Decay heat accidents are where the heat generated by the radioactive decay causes harm. In a large nuclear reactor, a loss of coolant accident can damage the core: for example, at Three Mile Island a recently shutdown (SCRAMed) PWR reactor was left for a length of time without cooling water. As a result the nuclear fuel was damaged, and the core partly melted. However, the main cause of release of radioactivity in the Three Mile Island accident was a Pilot-operated relief valve on the primary loop which stuck in the open position. This caused the overflow tank into which it drained to rupture and release large amounts of radioactive cooling water.


Transport

Transport accidents can cause a release of radioactivity resulting in contamination or shielding to be damaged resulting in direct irradiation. In Cochabamba a defective gamma radiography set was transported in a passenger bus as cargo. The gamma source was outside the shielding, and it irradiated some bus passengers.

In the United Kingdom, it was revealed in a recent court case that a radiotherapy source was transported from Leeds to Sellafield with defective shielding. The shielding had a gap on the underside. It is thought that no human has been seriously harmed by the escaping radiation.[1]


Equipment failure

Equipment failure is one possible type of accident, recently at Białystok in Poland the electronics associated with a particle accelerator used for the treatment of cancer suffered a malfunction [4]. This then led to the overexposure of at least one patient.
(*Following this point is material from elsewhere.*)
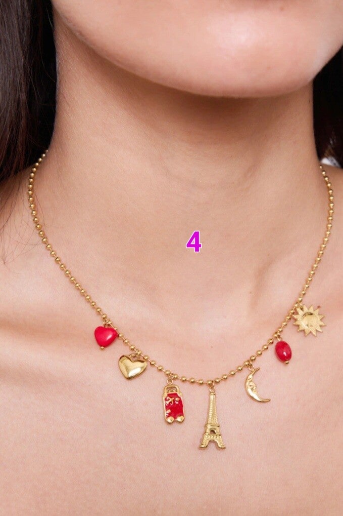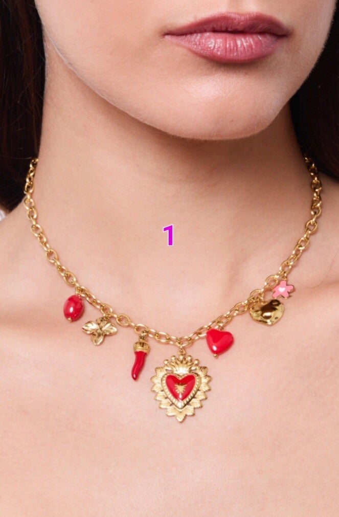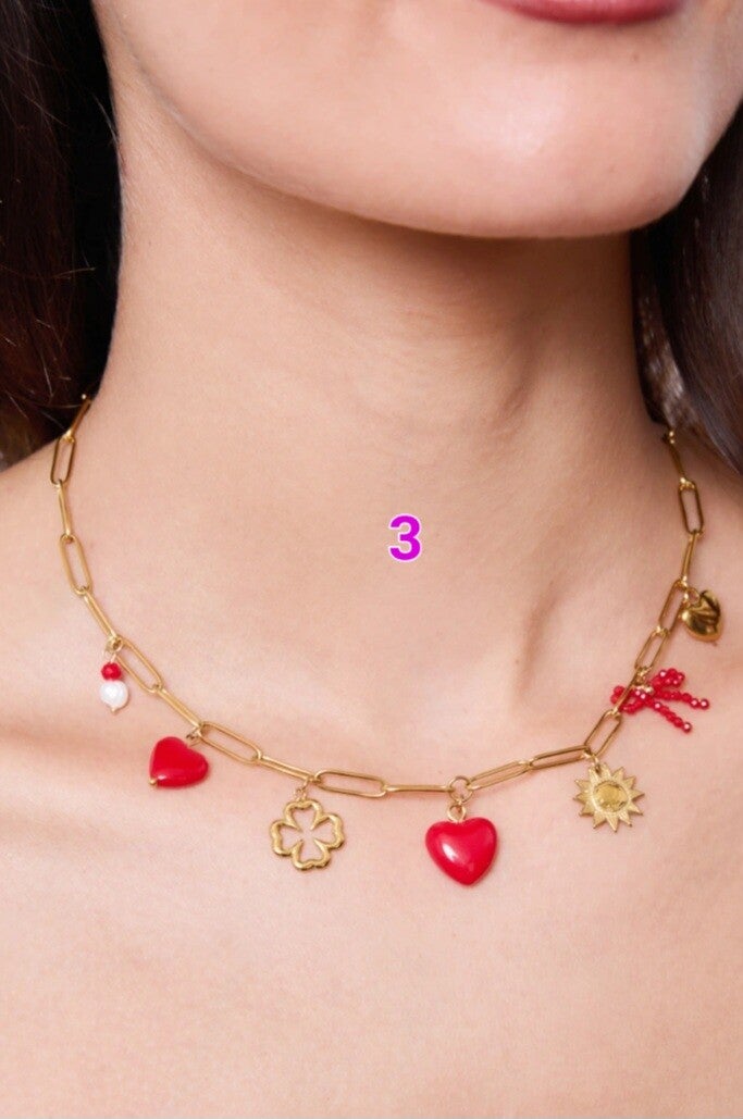 ✨️ Superbe collier doré orné de breloques rouges, symboles de l’amour et de la passion ✨

While the initial failure was the simple failure of a semiconductor diode, it set in motion a series of events which led to a radiation injury.
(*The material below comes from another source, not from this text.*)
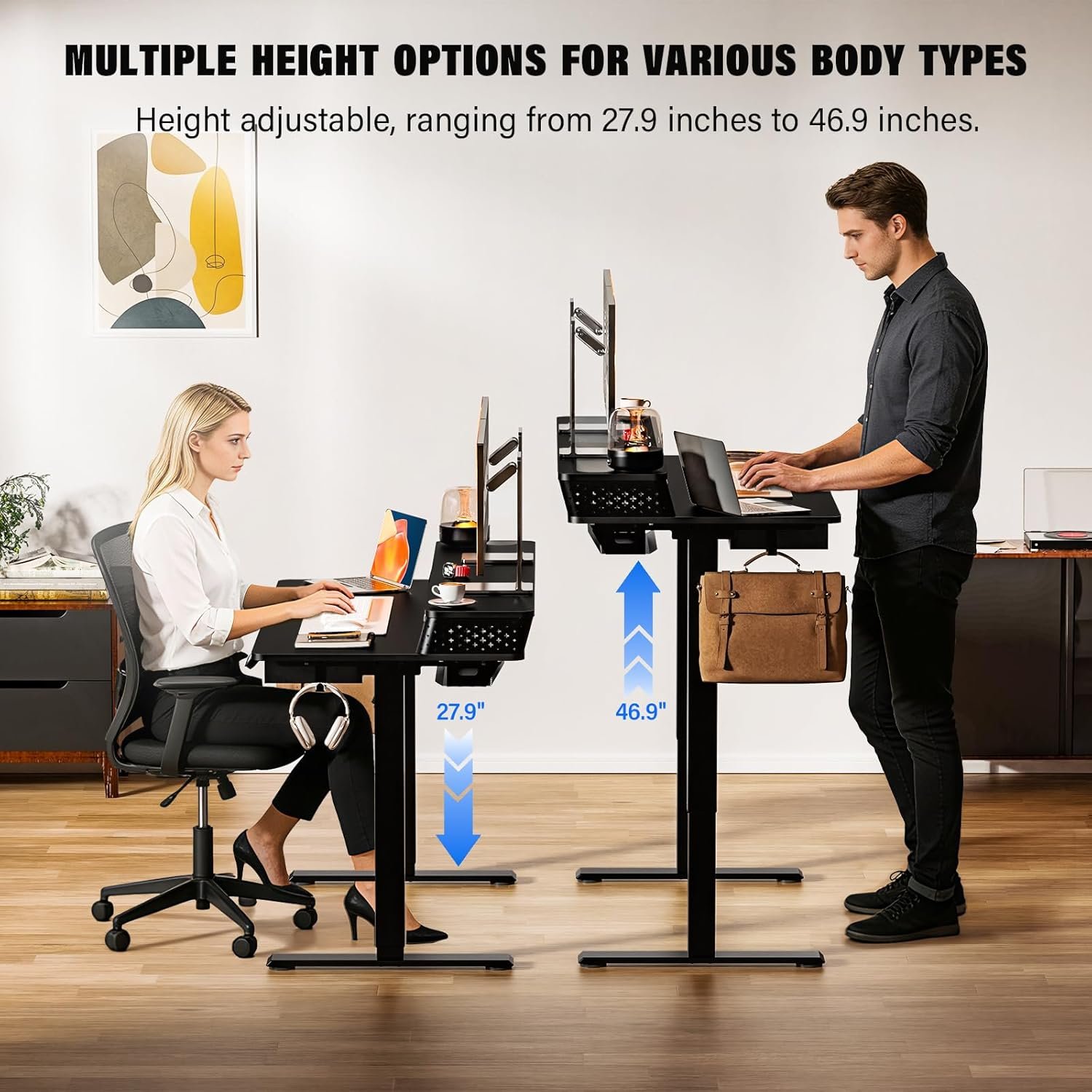 【Sturdy and Durable Steel Frame】: The stand up desk uses legs made of 1.5mm industrial-grade steel, providing stable support for the desktop. Its multi-functional design makes it suitable as a home office desk, gaming table, study desk, or creative studio workbench.

A related cause of accidents is failure of control software, as in the cases involving the Therac-25 medical radiotherapy equipment: the elimination of a hardware safety interlock in a new design model exposed a previously undetected bug in the control software, which could lead to patients receiving massive overdoses under a specific set of conditions.


Human error

Human error has been responsible for some accidents, such as when a person miscalculated the activity of a teletherapy source. This then led to patients being given the wrong dose of gamma rays. In the case of radiotherapy accidents, an underexposure is as much an accident as an overexposure as the patients may not get the full benefit of the prescribed treatment. Also, humans have made errors while attempting to service plants and equipment which has resulted in overdoses of radiation, such as the Nevvizh and Soreq irradiator accidents. In Japan two minor millennium bugs came to light [5]
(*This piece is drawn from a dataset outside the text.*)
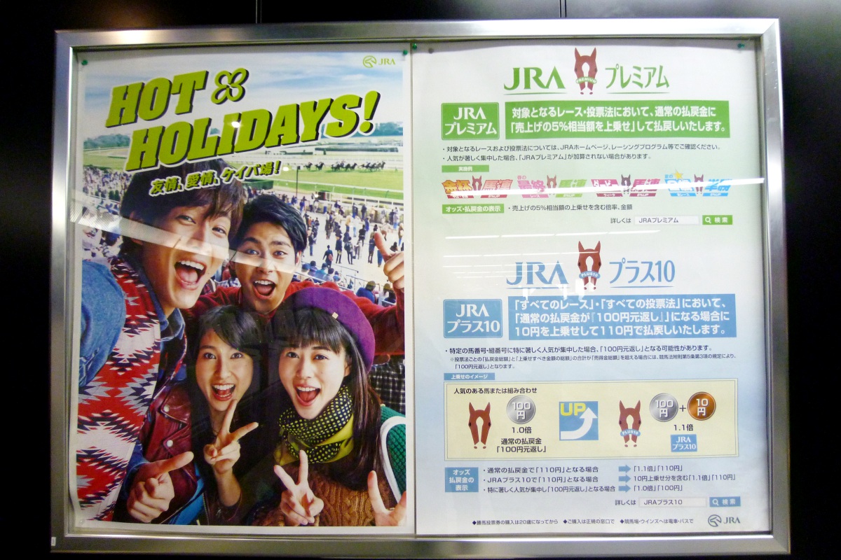 事實上,為了激起年輕人對賽馬的興趣,JRA在宣傳面也鋪陳了許多故事,他們找來松坂桃李、柳樂優彌、高畑充希、 土屋太鳳等新生代演員代言,以一群好友一塊兒度過「HOT HOLIDAYS!」為主題,除了傳達賽事令人熱血之外,也表明就算是賽馬初心者,也能抱持著輕鬆的心情踏入賽馬場。今年6月24日於阪神賽馬場舉辦的「寶塚記念」賽事,還請來傑尼斯偶像團體關8的成員錦戶亮、村上信五與橫山裕來齊唱國歌,都為賽馬活動添增了一絲活潑歡樂的氣息。

In 1946 Canadian Manhattan Project physicist Louis Slotin performed a risky experiment known as "tickling the dragon's tail" [2] which involved two hemispheres of neutron-reflective Beryllium being brought together around a plutonium core to bring it to criticality. Against operating procedures, the hemispheres were separated only by a screwdriver. The screwdriver slipped and set off a chain reaction criticality accident filling the room with harmful radiation and a flash of blue light (caused by excited, ionized air particles returning to their unexcited states). Slotin reflexively separated the hemispheres in reaction to the heat flash and blue light, preventing further radiation of several co-workers present in the room. However Slotin absorbed a lethal dose of the radiation and died during the following week.


Lost source

Lost source accidents[6][7] are ones in which a radioactive source is lost, stolen or abandoned. The source then might cause harm to humans or the environment. For example, see the event in Lilo where sources were left behind by the Soviet army. Another case occurred at Yanango where a radiography source was lost, also at Samut Prakarn a cobalt-60 teletherapy source was lost [8] and at Gilan in Iran a radiography source harmed a welder [9]. The best known example of this type of event is the Goiânia accident which occurred in Brazil.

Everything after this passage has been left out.